Safe practise Flashcards
Why do we need to warm up?
circulation, joints, muscles, nerves, flexibility
Benefits of warm up?
- increase the temperature of the body
- increase heart rate
- mobilise the joints
- increased oxygenated blood flow to the muscles
- prevention of injury
- mental preparation
- improve nervous system
Examples of changes that occur in the body after warm up?
- breathing is increased
- skin appears red
- body starts to sweat
- adrenalin levels are increased
- focus and concentration are enhanced
How to increase body temperature?
- cardiovascular eg running, skipping
- small movements increasing to larger
- increased blood flow=increased temperature
How to increase heart rate?
- cardiovascular
- helps provide fuel to the working muscles
How to mobilise the joints?
- gently move the joints through their ROM eg shoulder rolls
- will help lubricate the joints, warming synovial fluid and preparing skeletal system
How to increase oxygenated blood flow to the muscles?

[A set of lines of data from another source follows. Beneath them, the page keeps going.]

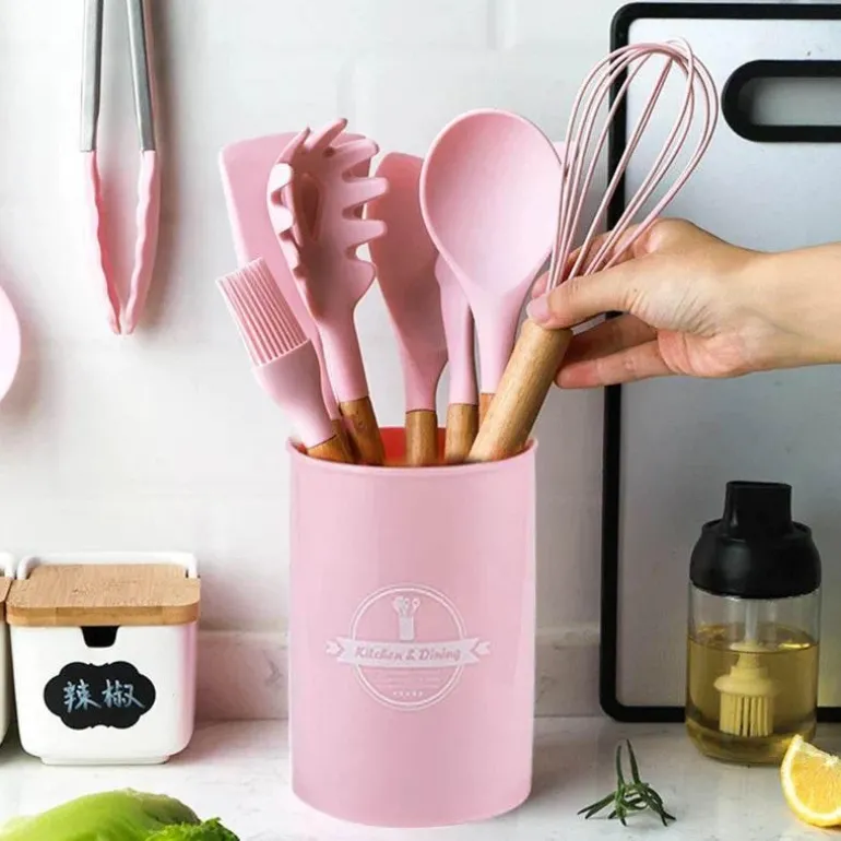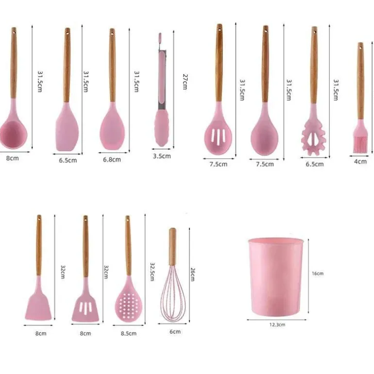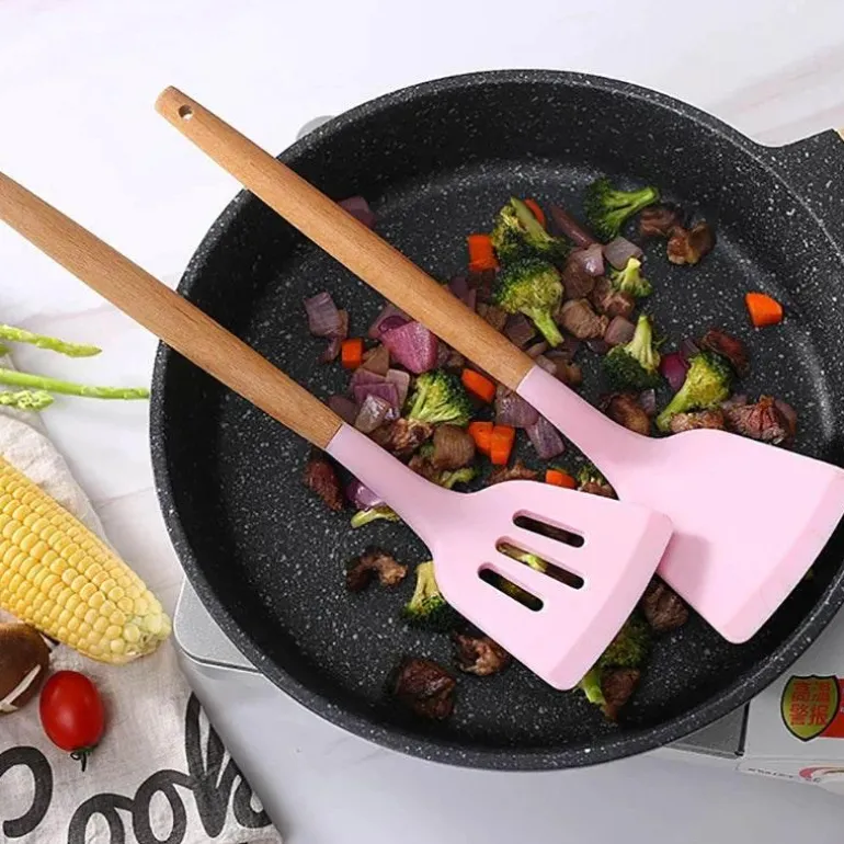 Erleben Sie die Vielseitigkeit unseres Silikon-Küchenutensilien-Sets mit eleganten Holzgriffen – ein Must-have für Ihre kulinarische Reise. Hergestellt aus hochwertigem Silikon bieten diese Utensilien eine perfekte Kombination aus Langlebigkeit und ansprechender Optik und eignen sich somit ideal für den täglichen Kochalltag.
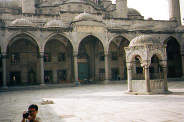イスタンブールの「スルタナーメット・ジャミイ寺院」(別名ブルー・モスク)。柱や壁が青を基調としたタイルで飾られていることからブルー・モスクの別名があります。
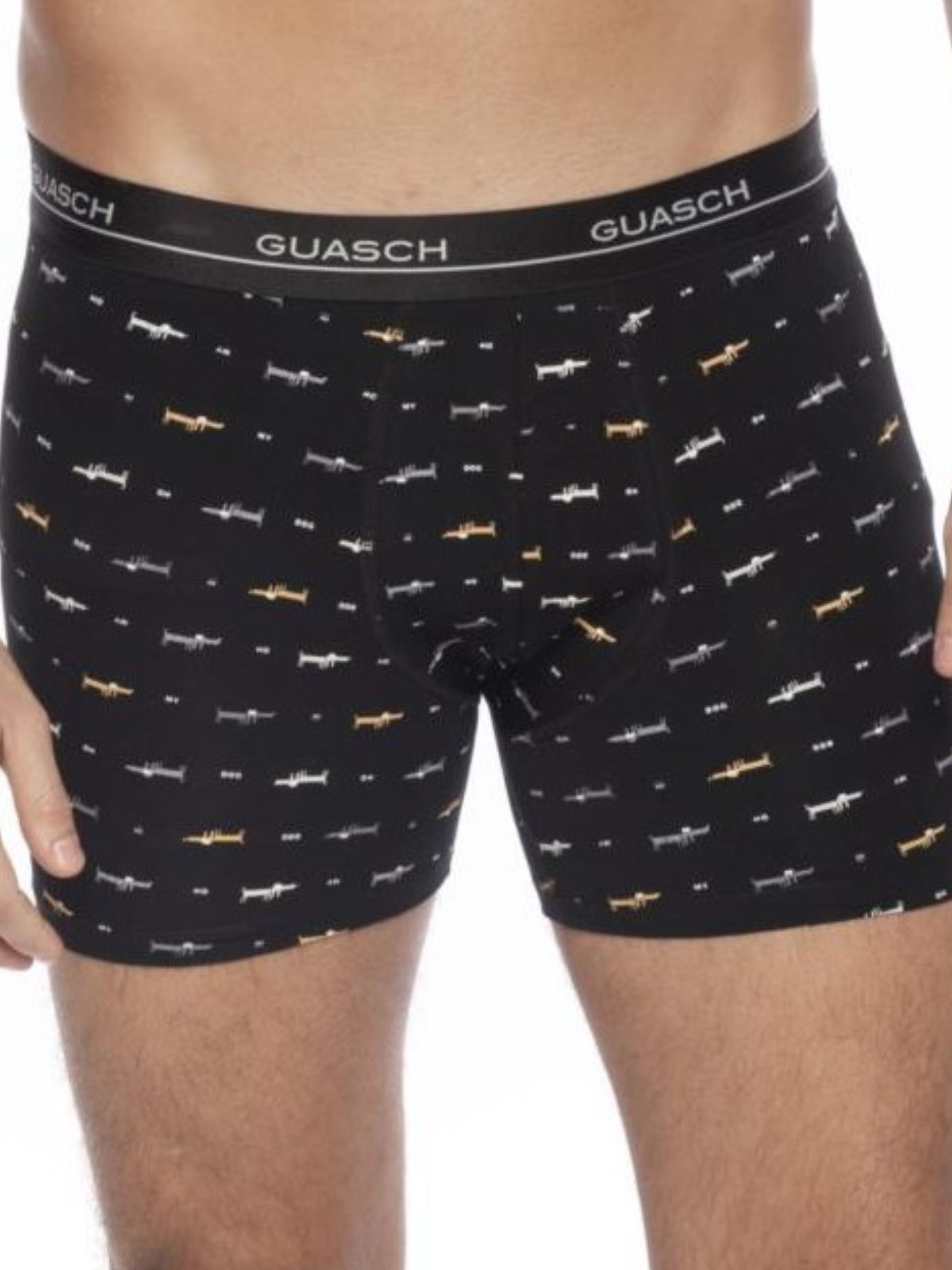 Pack de 2 bóxers estampados. 95% algodón. Uno verde con aviones y uno negro con perros salchicha.
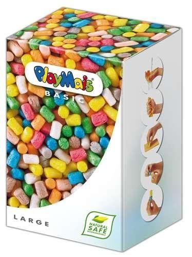 PlayMais Duży - skład zestawu: ponad 700 PlayMais, gąbeczka, biodegradowalny nożyk, instrukcja. Koniec z brudnymi dywanami i stołami! Wyprodukowany w Niemczech ze skrobi kukurydzianej i barwników spożywczych, PlayMais jest ekologicznym materiałem kreatywnym, który gwarantuje świetną i przede wszystkim bezpieczną zabawę. Nie zawiera żadnych substancji szkodliwych dla zdrowia. Nie istnieje też ryzyko zadławienia w wypadku przypadkowego połknięcia przez dziecko. PlayMais po prostu rozpuści się. Wystarczy jedynie wilgotna ściereczka aby go ze sobą łączyć. Można go dowolnie kształtować dłońmi, ciąć nożykiem plastikowym (w innych zestawach jest zawarty biodegradowalny nożyk z kukurydzy), czy nożyczkami dla uzyskania bardziej szczegółowych detali. Co charakteryzuje PlayMais: jest plastyczny jak plastelina, kolorowy jak tęcza, bezpieczny i lekki jak chrupek, można po nim pisać jak po papierze. Może służyć do: budowania dużych budowli (doskonała nośność), do dekorowania doniczek, obiektów zarówno plastikowych jak i szklanych, stworzenia płaskiej "kartki", aby z niej wyciąć dowolny motyw, uzyskania efektów które nie są dostępne dla innym mas plastycznych np. efekt "pierza". Produkt zdobył wiele nagród i wyróżnień, m. in. elitarną nagrodę Spiel gut i ToyTalk. PlayMais stymuluje wszechstronny rozwój dziecka m. in.: rozwój kreatywności i rozpoznawania kolorów, odkrywanie kształtów i form, rozwój zmysłu dotyku i prawidłowych umiejętności motorycznych, rozwój osobowości, rozwój umiejętności interpersonalnych w grupach, rozwój wyobraźni przestrzennej i zdolności myślenia bez ram czasowych, świetne rezultaty podczas zajęć terapeutycznych oraz wspaniała integracja całej rodziny poprzez zabawę.
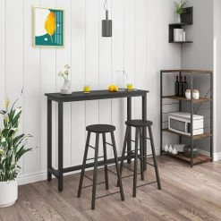 1 X Bartisch + 2 X Barhocker Set, Metallgestell, MDF

- steady increase in activity, articulating the joints and stretching the muscles eg standing pushing through feet to jog on spot to running around the room
- oxygen helps fuel the muscles so they can contract and stretch more efficiently
- muscles, tendons and ligaments become more pliable
How does a warm up prevent injury?
- will prepare the body, muscles and joints are not put under sudden stress
- eg hamstrings need to be pliable before movements such as high kicks or splits otherwise a tear or pull is likely
How to mentally prepare?
- exercise prepares the mind, promotes concentration and enhances brain activity and reaction times, increasing body awareness
- eg counting movements and going from sets of 8 to 4 to 2 to 1
How to improve the nervous system?
- regular dance training which involves the entire body helps enhance nerve reactions
- this improves agility, coordination, movement memory ect
What do you need to do to cool down?
- gradually slow down the activity
- gentle stretches
- deep stretches
- wind-down
Why is it important to gradually slow down activity?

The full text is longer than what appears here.